David Hilferty on the inevitable winter fuel crisis
“It’s starting to really pick up now.” A colleague from our Extra Help Unit said to me the other day as temperatures start to drop and the nights start to get darker.
The Extra Help Unit is our Glasgow-based team of expert caseworkers who support people in the most vulnerable circumstances with their energy needs.
That means when you’re off supply, they get your heating back on. When the meter runs out, they keep your lights on.
And while it’s never quiet for them, winter inevitably means things get really busy.
That’s the context in which Ofgem recently unveiled its long-awaited plans to write off up to £500 million worth of energy debt across the UK.
Framed as a ‘reform and reset’, for us it fails on both measures.
To reset requires a comprehensive and far-reaching approach. With energy debt at an eye-watering £4.4 billion, the level of relief outlined is but a flicker in the dark.
Moreover, conditions are tight and the timeline is narrow – the write-off is restricted to debt accrued between April 2022 and March 2024.
The average energy debt we see in Scottish CABs is over £2,500 – it didn’t suddenly stop increasing after that period. Because as we have attested so many times in these pages, the energy crisis isn’t over. Nor is the cost of living crisis.
And to truly reform the broken energy market, systemic and wholesale change is required in the shape of action such as a social tariff that makes energy bills affordable in the long-term.
We see first-hand what it means when the energy market fails to function in a way that serves people on low incomes or vulnerable circumstances.
A CAB adviser recently shared the experience of a father who came for help because he had no money to heat his home or buy food. A medical condition meant that he’d had to stop working.
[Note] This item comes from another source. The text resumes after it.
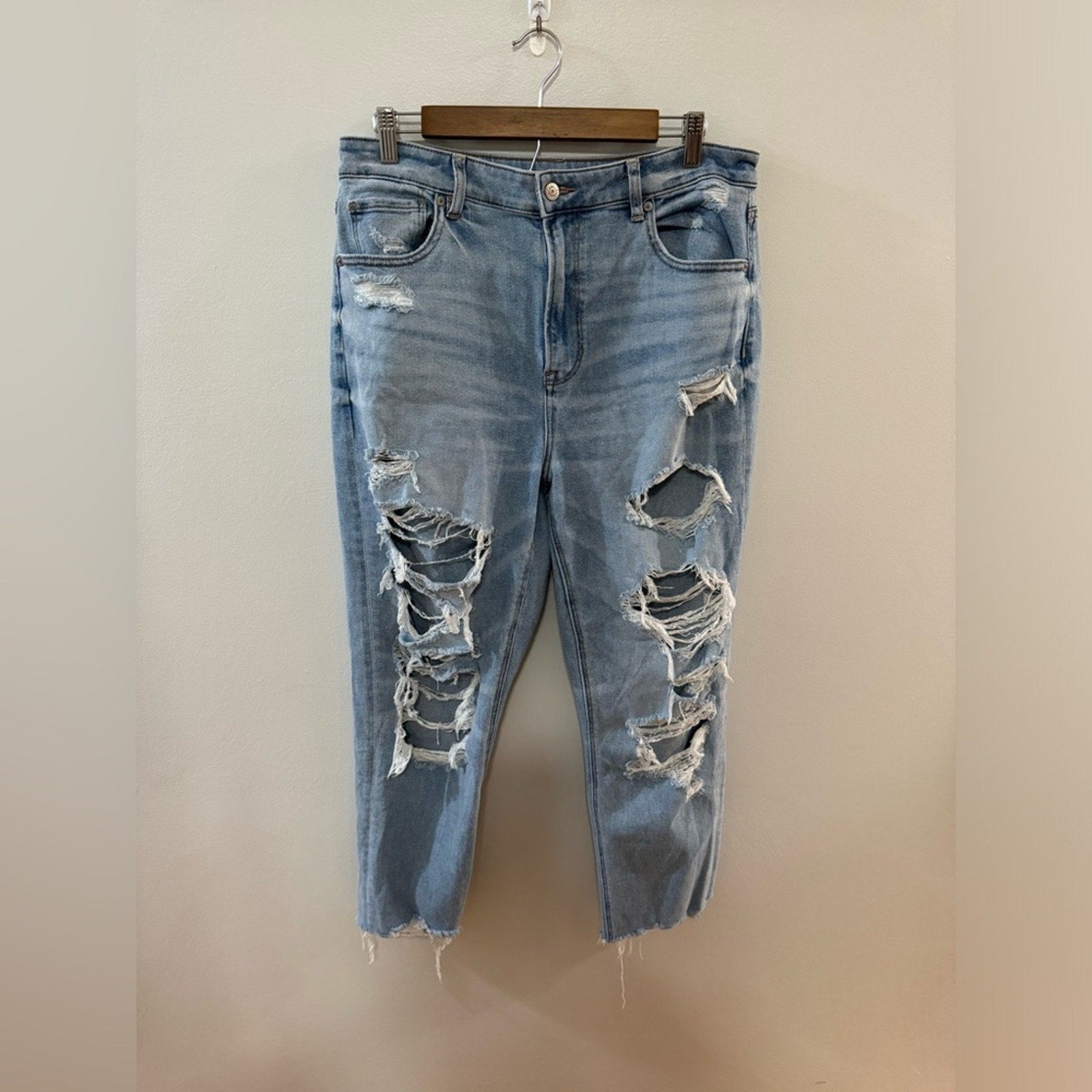 Pre-Owned Size 14 American Eagle Light Blue Heavily Distressed Mom Jeans

In that moment where he needed some support, he had to wait over a month for his first Universal Credit payment – another example of systemic failure. His daughter lives with him at weekends and he fears that he can’t care for her properly without emergency support from a food bank and fuel bank.
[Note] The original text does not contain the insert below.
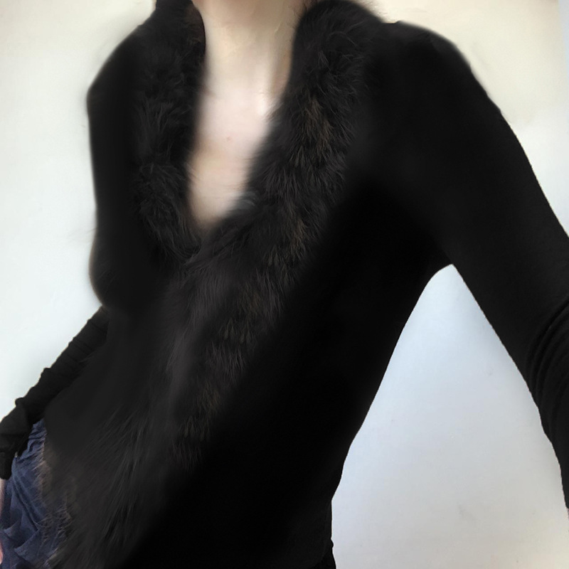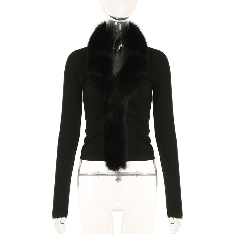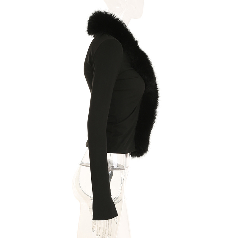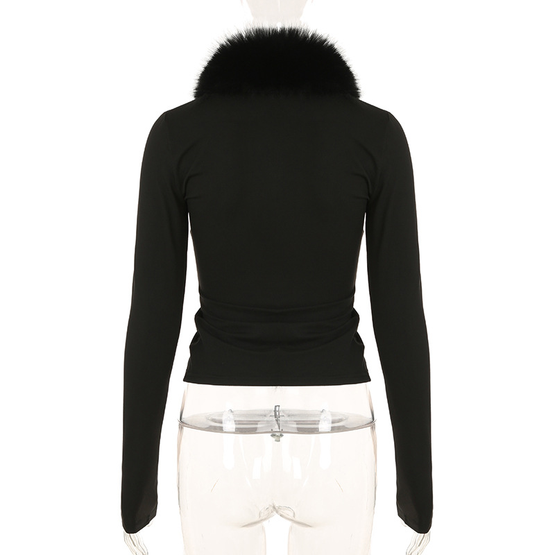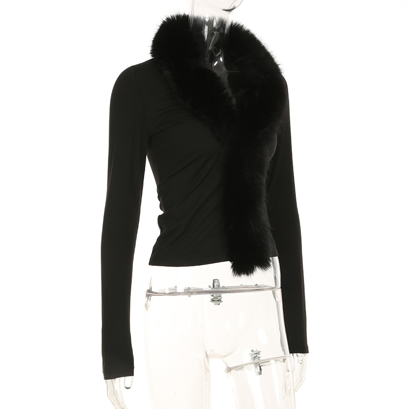 BKQU Fur Collar Long Sleeve Pullover Tops Women French Elegant V Neck Furry Slim T-shirt Autumn Winter Black Tees Y2K Streetwear

Pause on that for a moment. That’s about warmth, light and hot food on the table – the essentials all of us should have. To go without these would prevent a dad spending time with his daughter. That should shame us all. Again, the Ofgem proposal on energy debt will do little to ease situations like this one.
Especially when it won’t even happen that soon. As currently proposed, the relief scheme will take effect from April 2026 at the earliest.
This time last year, I was writing in this column that we can’t go through another winter without a debt write-off scheme and an affordable social tariff. And yet, here we are about to do just that.
For us, that amounts to the toleration of harm.
Government and regulators know what’s coming down the line, and yet again we’re not ready for it.
This is as avoidable as it is inexcusable. It’s long past time for government and regulators to step up.
David Hilferty is director of impact at Citizens Advice Scotland.